Task to complete:
Within the entries below, output exactly the lines between the line containing "注册访问令牌之后就是再执行一次git push -u" and the line containing "- Includes Reason", inclusive, and omit any picture.

Entries supplied:
Content starts
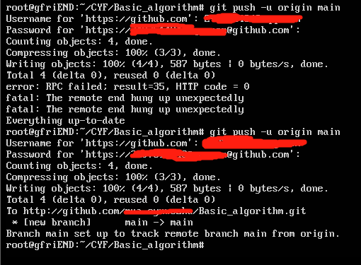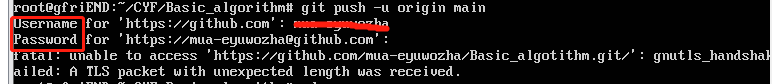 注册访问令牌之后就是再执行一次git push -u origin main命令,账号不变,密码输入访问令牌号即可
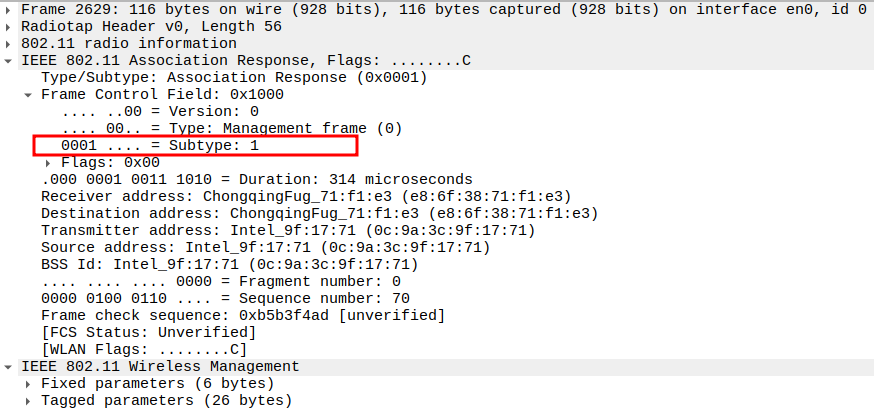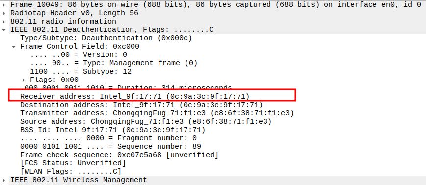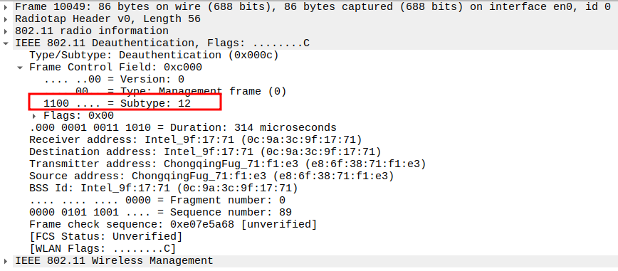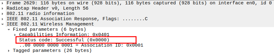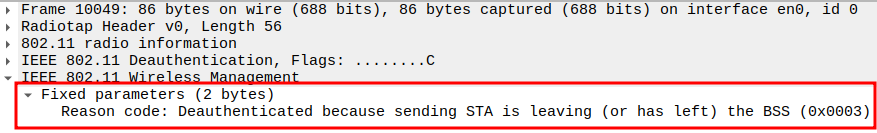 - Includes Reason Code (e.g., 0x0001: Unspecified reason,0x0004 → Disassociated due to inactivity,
Content ends
Content starts
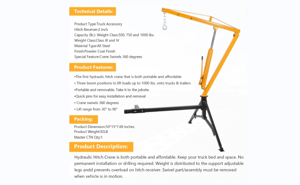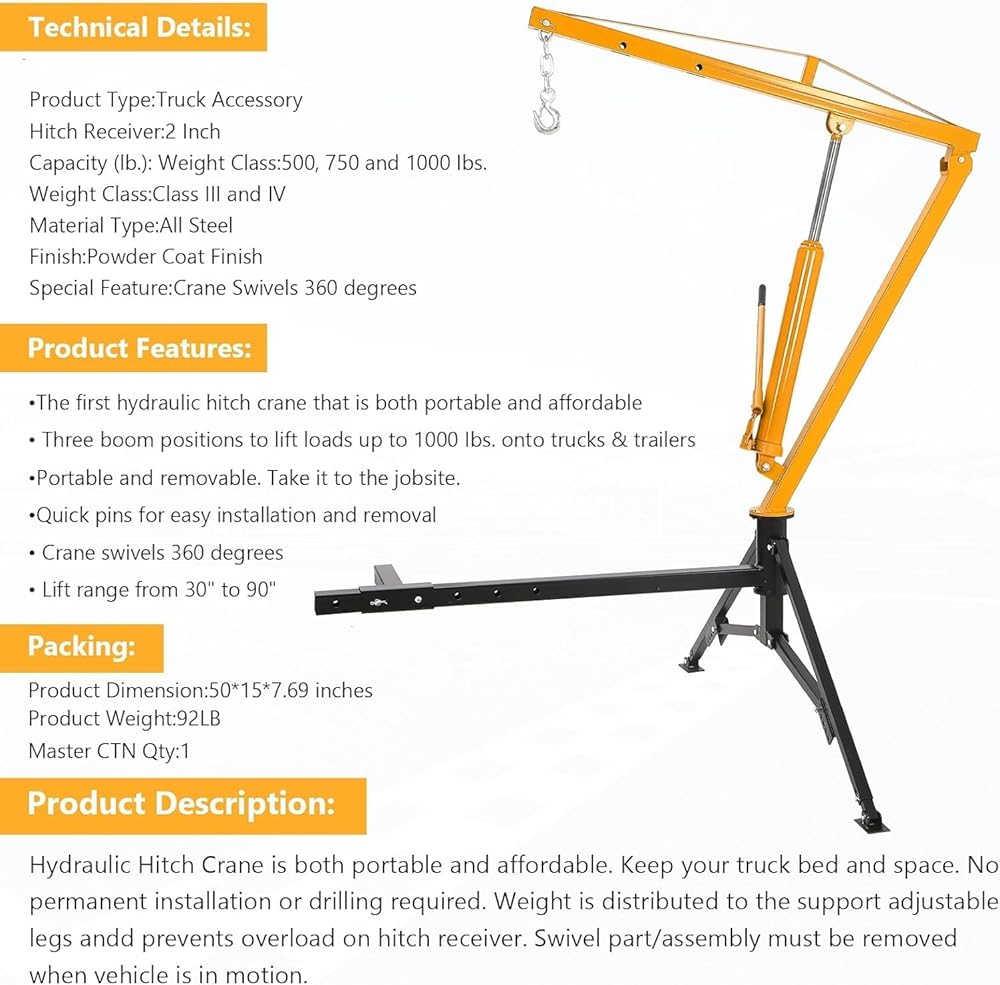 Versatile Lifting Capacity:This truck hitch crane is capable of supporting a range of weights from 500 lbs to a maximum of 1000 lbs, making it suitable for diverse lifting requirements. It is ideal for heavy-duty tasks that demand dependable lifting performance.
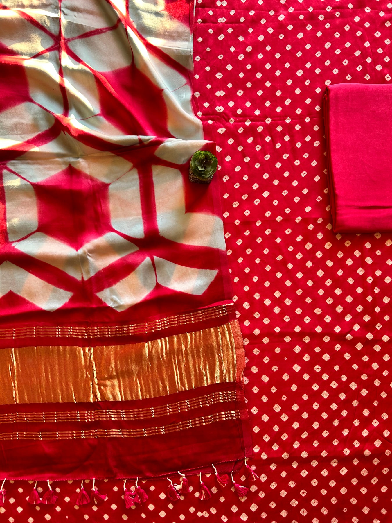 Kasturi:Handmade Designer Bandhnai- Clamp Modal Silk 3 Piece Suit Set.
Content ends
Content starts
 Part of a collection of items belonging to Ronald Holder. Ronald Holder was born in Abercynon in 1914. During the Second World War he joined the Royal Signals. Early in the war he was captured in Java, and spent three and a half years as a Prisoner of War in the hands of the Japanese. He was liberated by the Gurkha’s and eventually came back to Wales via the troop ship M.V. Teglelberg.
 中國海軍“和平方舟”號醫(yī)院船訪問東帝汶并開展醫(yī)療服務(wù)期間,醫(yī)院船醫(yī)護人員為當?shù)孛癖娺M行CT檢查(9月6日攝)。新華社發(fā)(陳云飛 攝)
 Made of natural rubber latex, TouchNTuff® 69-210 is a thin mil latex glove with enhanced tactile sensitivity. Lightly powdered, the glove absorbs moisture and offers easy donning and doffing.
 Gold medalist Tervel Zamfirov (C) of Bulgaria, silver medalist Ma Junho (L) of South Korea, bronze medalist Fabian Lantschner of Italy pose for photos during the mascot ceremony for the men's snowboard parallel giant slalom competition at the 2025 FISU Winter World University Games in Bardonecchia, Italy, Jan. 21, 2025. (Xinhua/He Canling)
Content ends
Task answer:
 注册访问令牌之后就是再执行一次git push -u origin main命令,账号不变,密码输入访问令牌号即可
 - Includes Reason Code (e.g., 0x0001: Unspecified reason,0x0004 → Disassociated due to inactivity,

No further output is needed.